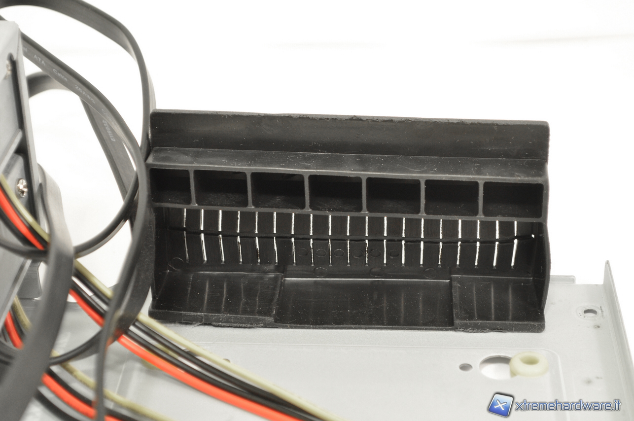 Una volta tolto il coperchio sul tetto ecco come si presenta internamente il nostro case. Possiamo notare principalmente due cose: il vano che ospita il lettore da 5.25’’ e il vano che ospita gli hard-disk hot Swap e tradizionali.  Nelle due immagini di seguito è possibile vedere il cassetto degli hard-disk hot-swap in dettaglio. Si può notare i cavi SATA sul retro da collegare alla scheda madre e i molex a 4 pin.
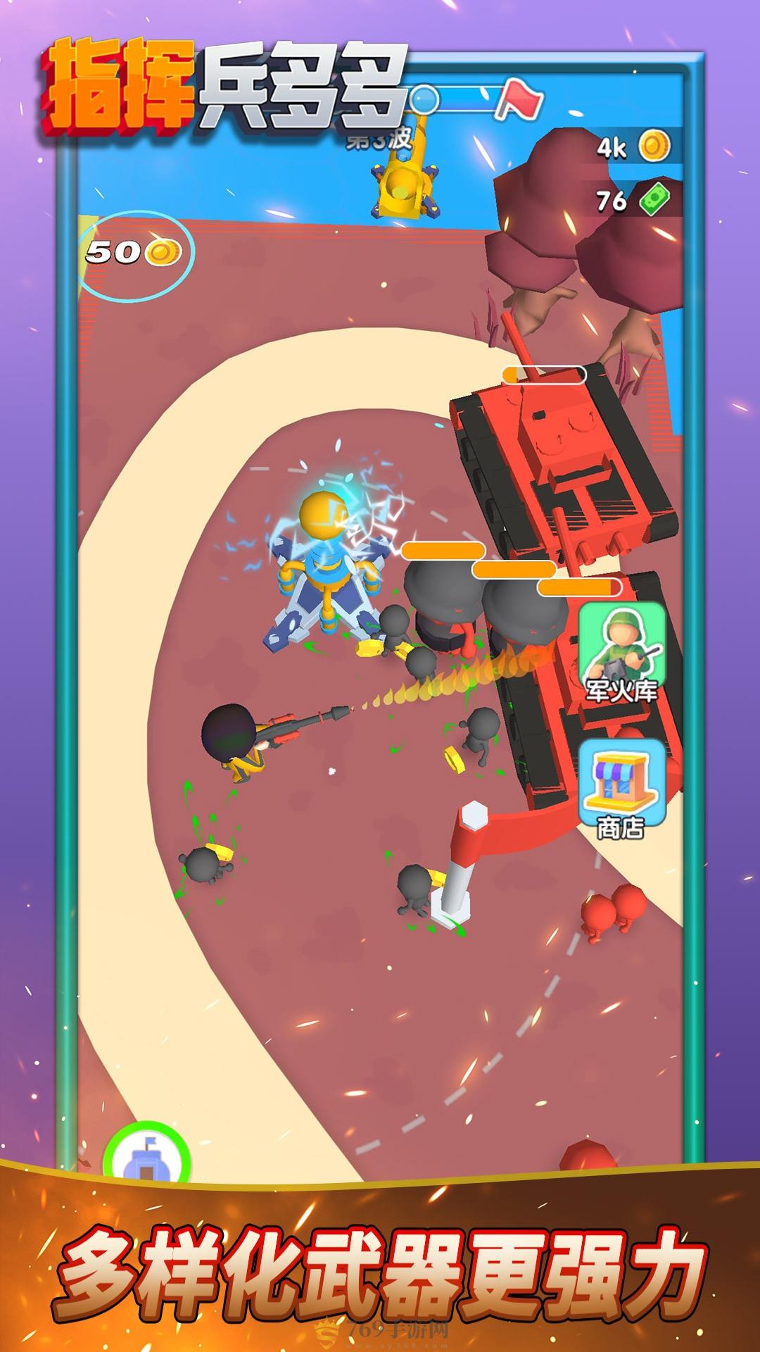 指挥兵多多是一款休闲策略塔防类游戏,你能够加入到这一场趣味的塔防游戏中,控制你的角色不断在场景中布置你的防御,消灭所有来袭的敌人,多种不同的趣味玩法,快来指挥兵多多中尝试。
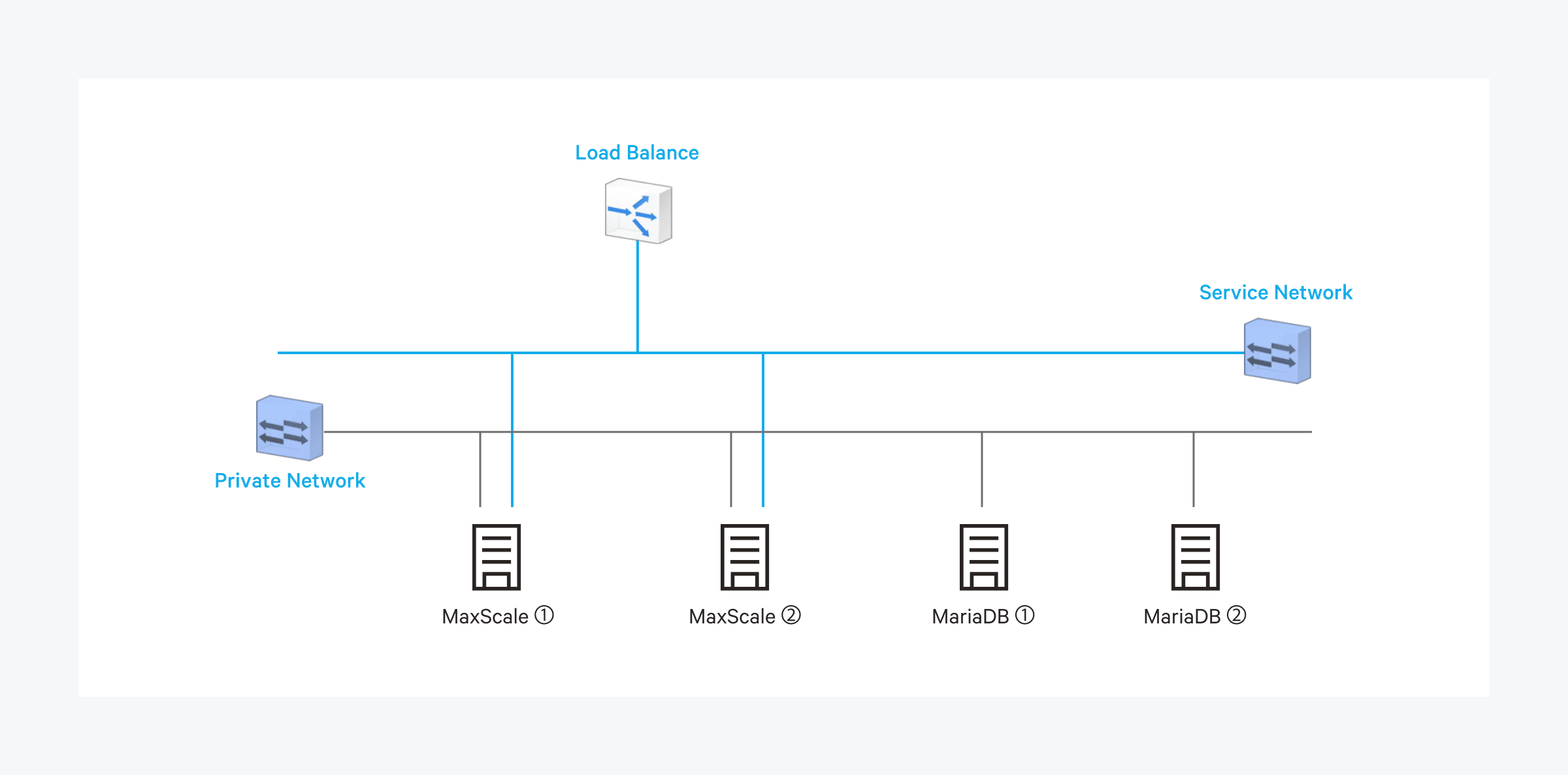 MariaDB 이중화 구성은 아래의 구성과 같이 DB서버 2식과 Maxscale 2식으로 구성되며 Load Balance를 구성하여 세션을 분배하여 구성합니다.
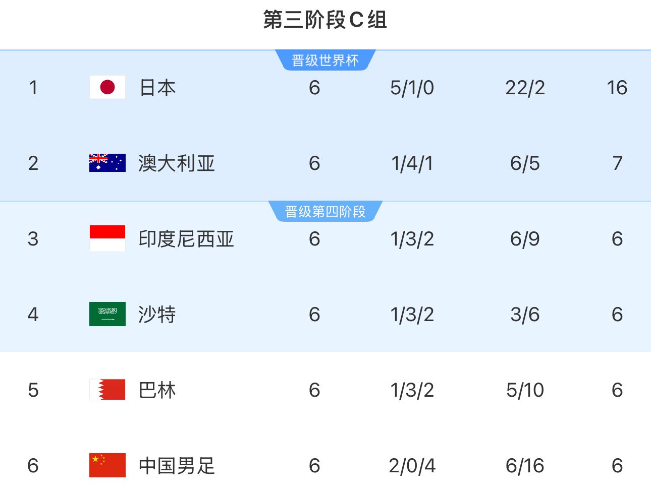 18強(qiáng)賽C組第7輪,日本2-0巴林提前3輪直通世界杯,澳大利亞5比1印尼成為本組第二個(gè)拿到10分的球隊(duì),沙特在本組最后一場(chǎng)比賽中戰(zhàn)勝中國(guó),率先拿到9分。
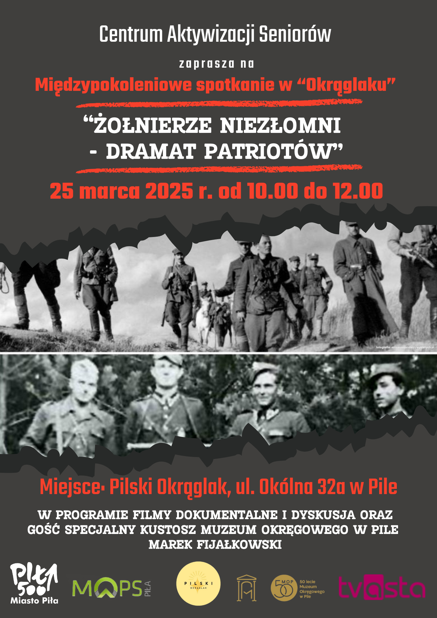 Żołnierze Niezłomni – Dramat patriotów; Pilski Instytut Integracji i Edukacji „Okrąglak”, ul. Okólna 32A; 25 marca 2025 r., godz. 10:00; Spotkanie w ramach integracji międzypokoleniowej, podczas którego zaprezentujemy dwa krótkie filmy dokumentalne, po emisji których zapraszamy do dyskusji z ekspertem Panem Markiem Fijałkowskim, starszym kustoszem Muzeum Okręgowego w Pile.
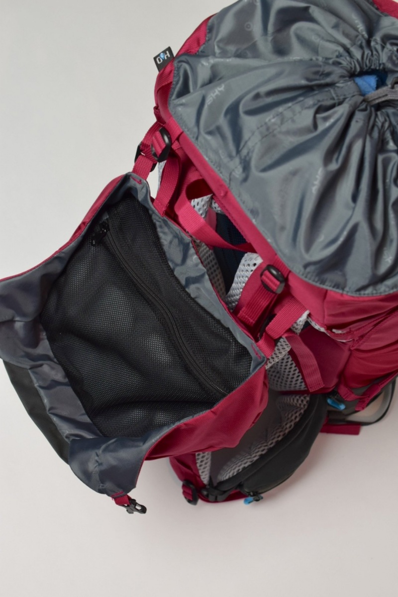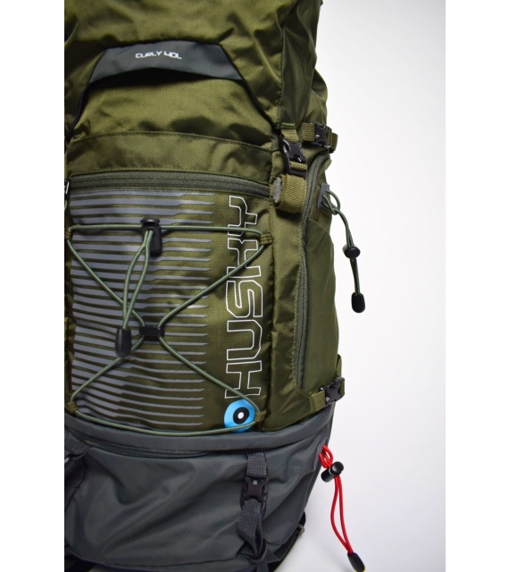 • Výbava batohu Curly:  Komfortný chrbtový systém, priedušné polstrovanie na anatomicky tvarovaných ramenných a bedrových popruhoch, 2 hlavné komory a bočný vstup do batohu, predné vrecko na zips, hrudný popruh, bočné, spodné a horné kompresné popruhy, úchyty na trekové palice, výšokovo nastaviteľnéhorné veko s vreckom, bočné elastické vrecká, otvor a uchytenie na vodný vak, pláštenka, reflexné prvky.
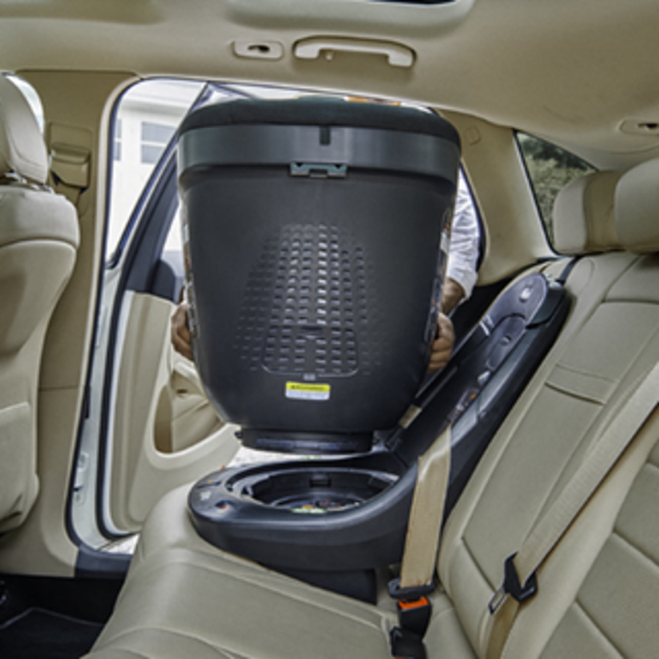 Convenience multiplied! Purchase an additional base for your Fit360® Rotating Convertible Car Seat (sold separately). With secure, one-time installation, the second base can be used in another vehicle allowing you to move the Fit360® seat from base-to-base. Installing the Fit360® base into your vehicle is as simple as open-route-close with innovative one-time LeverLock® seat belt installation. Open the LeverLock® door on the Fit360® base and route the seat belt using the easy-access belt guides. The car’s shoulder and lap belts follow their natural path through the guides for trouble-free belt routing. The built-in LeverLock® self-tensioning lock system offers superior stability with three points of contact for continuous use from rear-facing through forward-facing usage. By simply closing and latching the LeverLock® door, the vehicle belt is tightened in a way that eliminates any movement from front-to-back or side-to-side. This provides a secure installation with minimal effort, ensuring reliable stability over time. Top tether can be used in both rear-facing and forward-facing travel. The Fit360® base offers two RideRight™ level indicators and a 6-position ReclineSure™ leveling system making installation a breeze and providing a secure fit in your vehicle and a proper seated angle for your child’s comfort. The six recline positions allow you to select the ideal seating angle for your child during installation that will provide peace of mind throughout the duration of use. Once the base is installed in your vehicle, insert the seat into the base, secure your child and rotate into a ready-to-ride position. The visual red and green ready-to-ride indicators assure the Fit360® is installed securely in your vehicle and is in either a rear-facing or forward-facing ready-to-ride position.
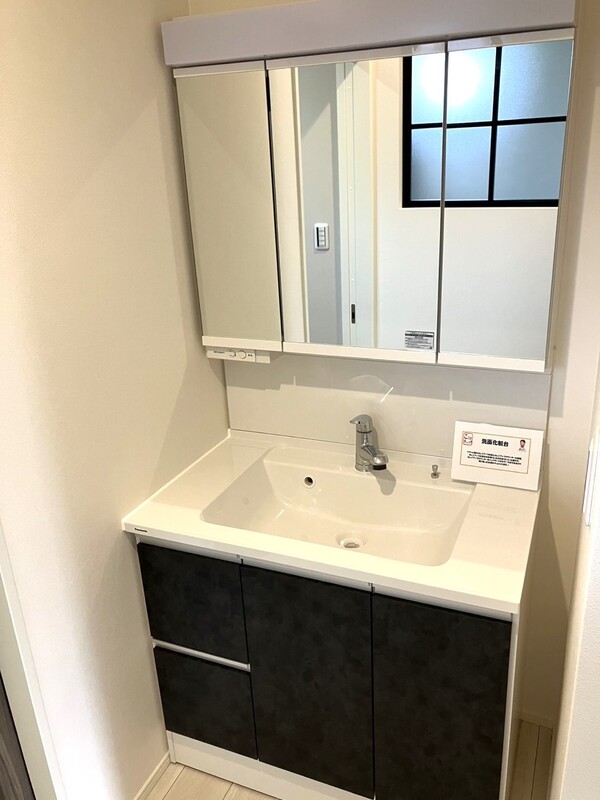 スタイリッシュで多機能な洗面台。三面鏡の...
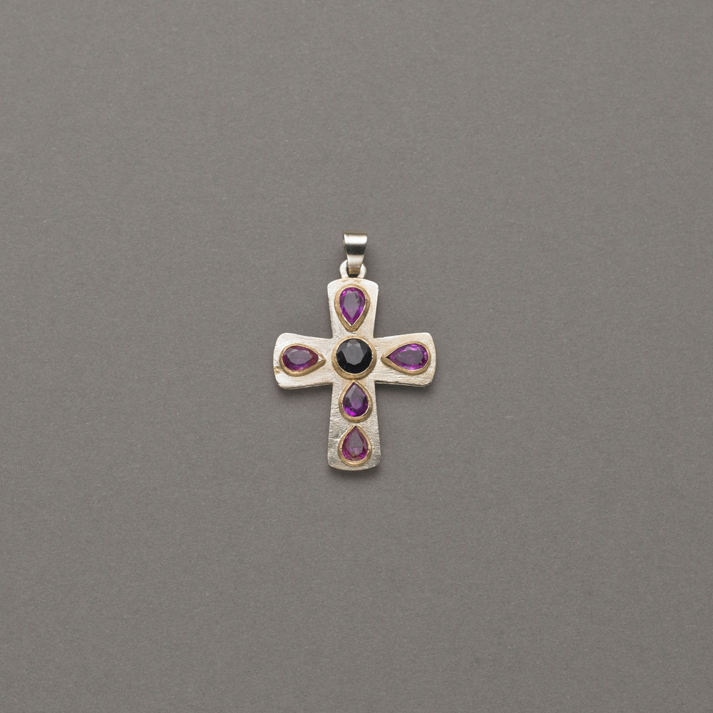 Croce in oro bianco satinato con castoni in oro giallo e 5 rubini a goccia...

> **EXERCISE**:
All of the data above is to be repeated exactly, with the pictures left out.

> **EXERCISE ANSWER**:
 Una volta tolto il coperchio sul tetto ecco come si presenta internamente il nostro case. Possiamo notare principalmente due cose: il vano che ospita il lettore da 5.25’’ e il vano che ospita gli hard-disk hot Swap e tradizionali.  Nelle due immagini di seguito è possibile vedere il cassetto degli hard-disk hot-swap in dettaglio. Si può notare i cavi SATA sul retro da collegare alla scheda madre e i molex a 4 pin.
 指挥兵多多是一款休闲策略塔防类游戏,你能够加入到这一场趣味的塔防游戏中,控制你的角色不断在场景中布置你的防御,消灭所有来袭的敌人,多种不同的趣味玩法,快来指挥兵多多中尝试。
 MariaDB 이중화 구성은 아래의 구성과 같이 DB서버 2식과 Maxscale 2식으로 구성되며 Load Balance를 구성하여 세션을 분배하여 구성합니다.
 18強(qiáng)賽C組第7輪,日本2-0巴林提前3輪直通世界杯,澳大利亞5比1印尼成為本組第二個(gè)拿到10分的球隊(duì),沙特在本組最后一場(chǎng)比賽中戰(zhàn)勝中國(guó),率先拿到9分。
 Żołnierze Niezłomni – Dramat patriotów; Pilski Instytut Integracji i Edukacji „Okrąglak”, ul. Okólna 32A; 25 marca 2025 r., godz. 10:00; Spotkanie w ramach integracji międzypokoleniowej, podczas którego zaprezentujemy dwa krótkie filmy dokumentalne, po emisji których zapraszamy do dyskusji z ekspertem Panem Markiem Fijałkowskim, starszym kustoszem Muzeum Okręgowego w Pile.
 • Výbava batohu Curly:  Komfortný chrbtový systém, priedušné polstrovanie na anatomicky tvarovaných ramenných a bedrových popruhoch, 2 hlavné komory a bočný vstup do batohu, predné vrecko na zips, hrudný popruh, bočné, spodné a horné kompresné popruhy, úchyty na trekové palice, výšokovo nastaviteľnéhorné veko s vreckom, bočné elastické vrecká, otvor a uchytenie na vodný vak, pláštenka, reflexné prvky.
 Convenience multiplied! Purchase an additional base for your Fit360® Rotating Convertible Car Seat (sold separately). With secure, one-time installation, the second base can be used in another vehicle allowing you to move the Fit360® seat from base-to-base. Installing the Fit360® base into your vehicle is as simple as open-route-close with innovative one-time LeverLock® seat belt installation. Open the LeverLock® door on the Fit360® base and route the seat belt using the easy-access belt guides. The car’s shoulder and lap belts follow their natural path through the guides for trouble-free belt routing. The built-in LeverLock® self-tensioning lock system offers superior stability with three points of contact for continuous use from rear-facing through forward-facing usage. By simply closing and latching the LeverLock® door, the vehicle belt is tightened in a way that eliminates any movement from front-to-back or side-to-side. This provides a secure installation with minimal effort, ensuring reliable stability over time. Top tether can be used in both rear-facing and forward-facing travel. The Fit360® base offers two RideRight™ level indicators and a 6-position ReclineSure™ leveling system making installation a breeze and providing a secure fit in your vehicle and a proper seated angle for your child’s comfort. The six recline positions allow you to select the ideal seating angle for your child during installation that will provide peace of mind throughout the duration of use. Once the base is installed in your vehicle, insert the seat into the base, secure your child and rotate into a ready-to-ride position. The visual red and green ready-to-ride indicators assure the Fit360® is installed securely in your vehicle and is in either a rear-facing or forward-facing ready-to-ride position.
 スタイリッシュで多機能な洗面台。三面鏡の...
 Croce in oro bianco satinato con castoni in oro giallo e 5 rubini a goccia...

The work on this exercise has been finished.